Mariah chuckled to herself. Maybe she had a sense of history after all.
In a few minutes, they reached the point where the rivers met, a cobbled and concreted point of land. The fountain Mariah had noted before rose from a round pool, billowing spray all about in the heavy breeze. It was beautiful. But Mariah felt unbidden tears well in her eyes. This was the spot where Thorn, in the screenplay, had fought his duel. And had died.
"I don't suppose this area looked half so lovely in the era of Fort Pitt," she asserted, more to make conversation than because she cared. She cleared her throat, as though the raspiness in her voice was from stuffed sinuses and not emotion.
"Not at all," Pierce agreed. "The riverbanks were uneven and muddy, though a few ferry boat landings extended out a ways. The King's Garden was pretty at certain times of the year, though."

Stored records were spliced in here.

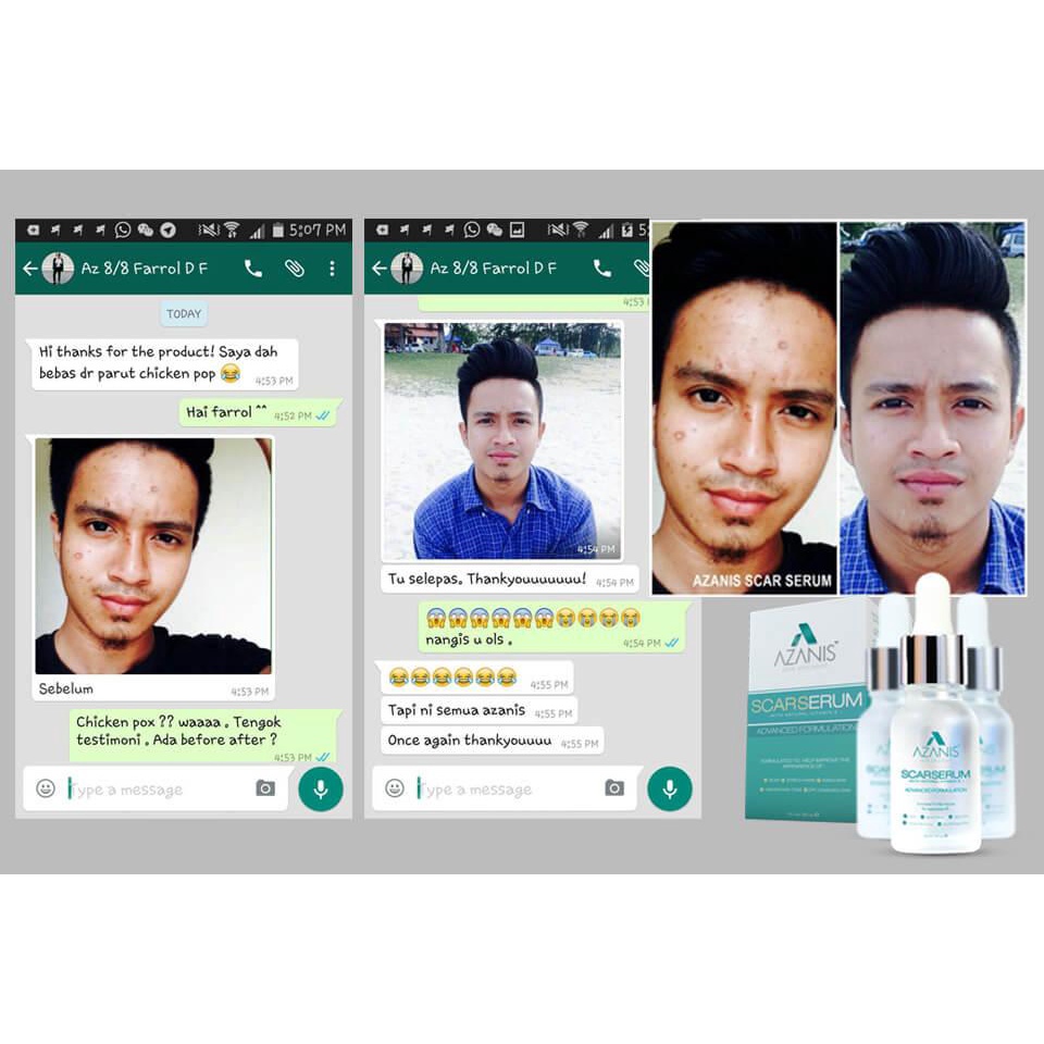 AZANIS SCAR SERUM DAH BERUBAH WAJAH LAH. Feedback azanis scar serum 99 pengguna pasti merasai beza ketara hanya dalam 1 bulan penggunaan. Pada parut baru Azanis Scar Serum harus disapu hanya apabila luka telah sembuh dan tidak boleh digunakan pada.
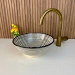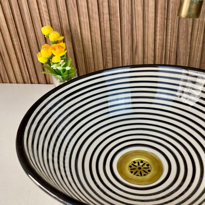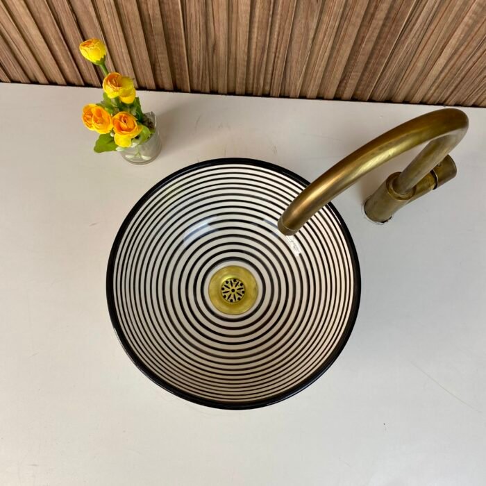 Handcrafted Ceramic Basin with Brass Rim – Moroccan Bathroom Elegance
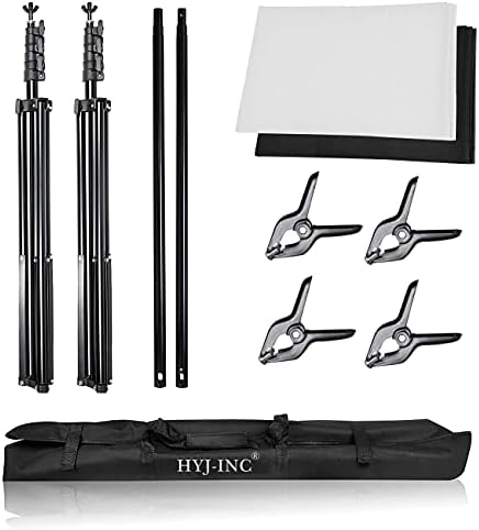 HYJ-INC Photo Background Support System with 8.5 x 10ft Backdrop Stand Kit, 100% Cotton Muslin Backdrop (White Black),Clamp, Carry Bag for Photography Video Studio
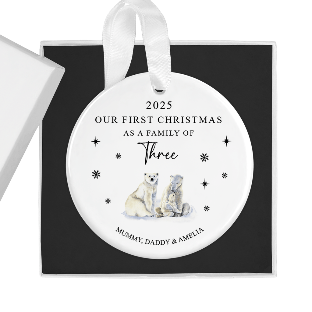 Celebrate your first Christmas together as a family of three with this beautiful personalised polar bear ornament. Featuring a charming polar bear family illustration, surrounded by festive snowflakes, this keepsake is the perfect way to mark your family’s special milestone. A heartwarming decoration to be treasured for many Christmases to come.
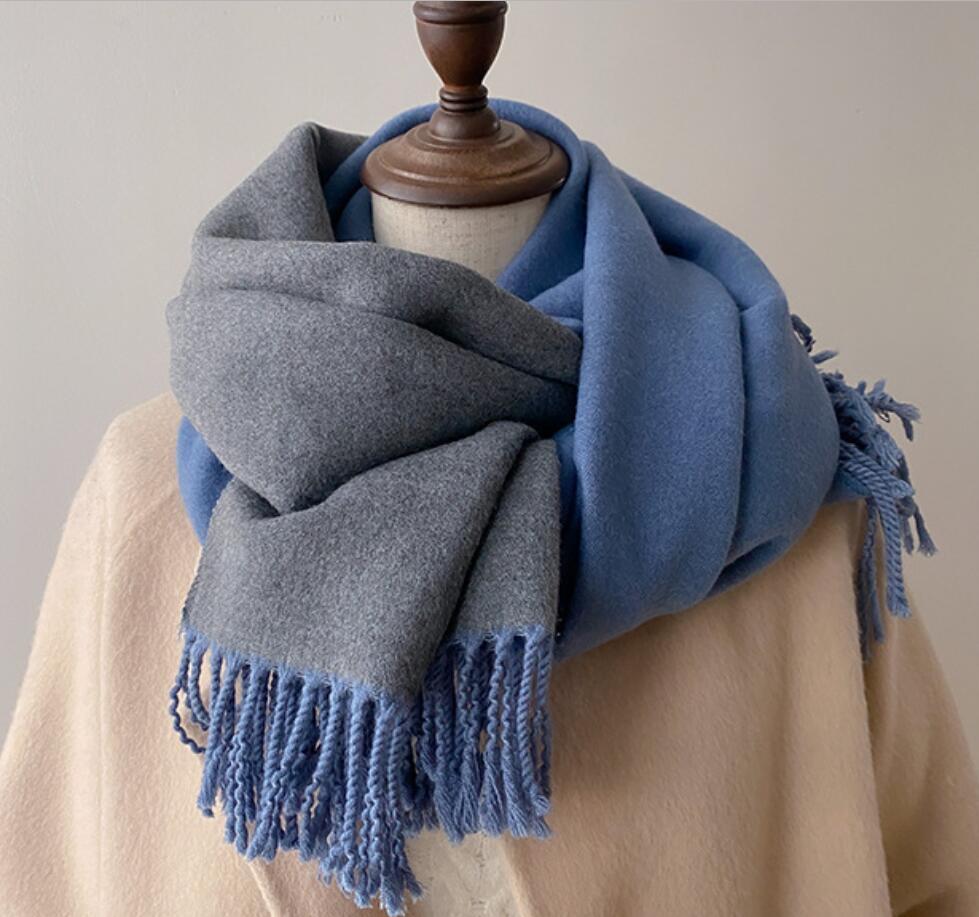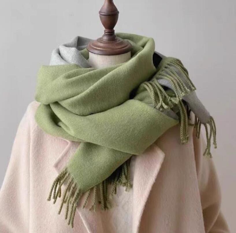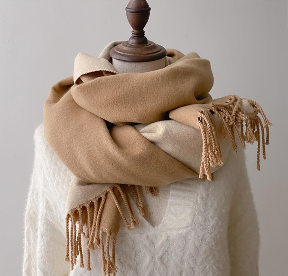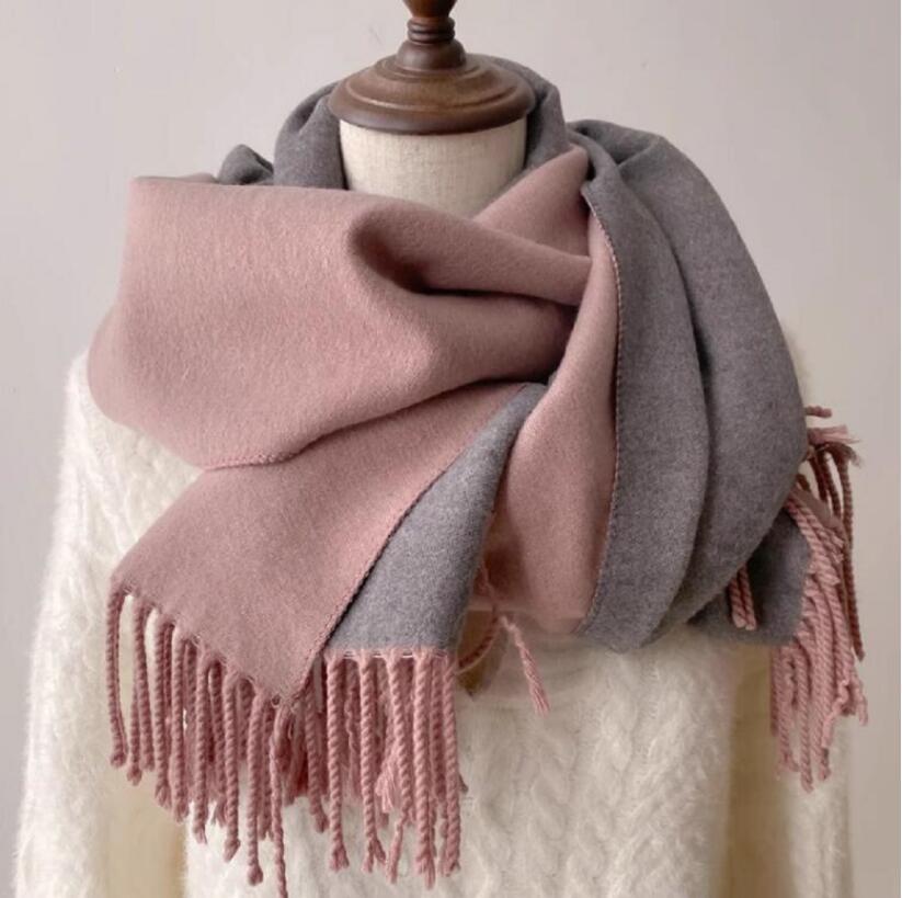 秋冬新作~上品 大判 マルチチェック ボリュームフリンジマフラー 暖かい 厚手 大人 きれいめ 配色 オシャレ~ オレンジ&紫
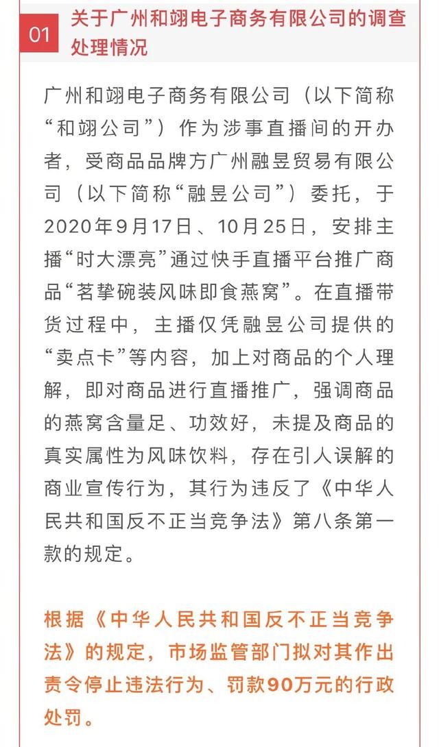 据公告,广州和翊电子商务有限公司(以下简称“和翊公司”)作为涉事直播间的开办者,受商品品牌方广州融昱贸易有限公司(以下简称“融昱公司”)委托,于2020年9月17日、10月25日,安排主播“时大漂亮”通过快手直播平台推广商品“茗挚碗装风味即食燕窝”,在直播带货过程中,主播仅凭融昱公司提供的“卖点卡”等内容,加上对商品的个人理解,即对商品进行直播推广,强调商品的燕窝含量足、功效好,未提及商品的真实属性为风味饮料,存在引人误解的商业宣传行为,其行为违反了《中华人民共和国反不正当竞争法》第八条第一款的规定。根据《中华人民共和国反不正当竞争法》的规定,市场监管部门拟对其作出责令停止违法行为、罚款90万元的行政处罚。
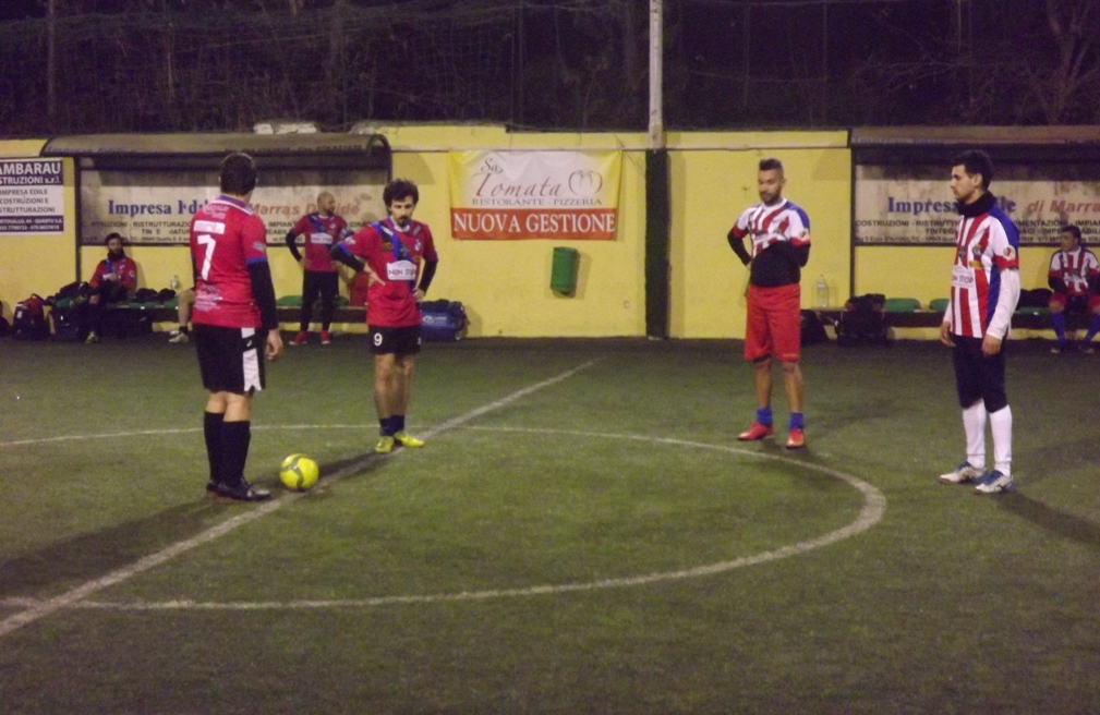 Permaflex Quartucciu senza Piras, Bazzato e Picciau mentre Atletico Panzerotti ha Arrigo squalificato e deve fare a meno anche di Durzu, rientra però Selis. Avvio di gara tattico, è Permaflex a prendere in mano il controllo della palla ma le prime occasioni da gol le crea Atletico Panzerotti, Maxia impegna Serra con uno spunto improvviso sulla destra, poi su ripartenza avviata da Masala sulla sinistra, il diagonale di Montisci viene deviato in corner. Poco dopo, i ciclamini passano in vantaggio, Serra respinge una conclusione dalla distanza di Maxia, Puddu è lesto nel riprendere e insaccare da posizione ravvicinata con un delicato pallonetto. Il team di Arrigo va vicinissimo al raddoppio subito dopo, Montisci sfonda al centro tra due avversari ma Serra è bravissimo a opporsi al tiro dal limite dell’area. Difesa solida, corazzata, ed efficace gioco di rimessa, con queste armi Panzerotti rende arduo il cammino alla Permaflex, la quale comunque giunge al pari grazie a uno spunto personale di Zara, scatto sulla destra e rasoterra fulmineo sul primo palo, palo-rete, sorpreso Melis. Alla ripresa del gioco, Atletico Panzerotti ottiene un calcio di rigore per netta trattenuta di Zara ai danni di Mascia, lo stesso Mascia si incarica della battuta e trasforma, 2-1. La risposta di Permaflex è immediata, è ancora Zara a riportare in carreggiata i bianco-rossi con un altro colpo da biliardo, diagonale rasoterra sul palo lontano, senza subire alcuna opposizione dai distratti difensori avversari. La partita si fa tattica ed equilibrata, Permaflex prova a forzare tempi e pressione, e su punizione di Zara dalla sinistra, una deviazione di Falqui viene scongiurata dal palo esterno, in corner. La pressione esercitata dal team di Rossi sfocia nel gol del 3-2, al termine di un batti e ribatti confuso sulla tre quarti, un rimpallo favorisce Matta che avanza sulla destra, serve Zara che dal limite dell’area non dà scampo a Melis, palla all’incrocio dei pali. Atletico Panzerotti si affaccia nei pressi dell’area di rigore biancorossa con un fendente velenoso di Montisci dalla distanza, respinto non senza affanni da Serra, quindi sul fronte opposto Melis salva su discesa di Matta e conclusione da fuori area, irrompe Commendatore per il tap-in ma spara alle stelle da buona posizione. Di fronte al crescendo del gioco di Permaflex, Atletico Panzerotti denota evidenti difficoltà, inoltre i bianco-rossi appaiono più cattivi nei contrasti, più grintosi e reattivi, i ciclamini cercano soprattutto la profondità per vie centrali, ma a un minuto dalla fine perdono Puddu, prima ammonito per proteste e subito espulso (rosso diretto) per aver aggiunto qualche parola di troppo, e fino a quel momento Puddu era stato tra i migliori della sua squadra.

He must have spent a lot of time researching the history of this place, Mariah thought, to sound so definite.
They walked back along the other river, where modern concrete defined the bank. Mariah took hold of her emotions. Silly, for her to have felt so upset where the historic duel might not even really have been fought. Pierce might have placed it there for atmosphere.
She'd ask him someday.
Small pleasure boats zipped up and down the Monongahela, and a paddlewheeler plied its way upstream beneath the nearest bridge.
Bypassing an even older-looking, freestanding structure in the shape of a pentagon, Pierce led her to a brick building stuffed like a bunker beneath a roadway. "I'd like to see that," Mariah protested, pointing toward the more antiquelooking building.
"In time," Pierce said. A strange, wise smile appeared on his narrow face, revealing his yellowed teeth.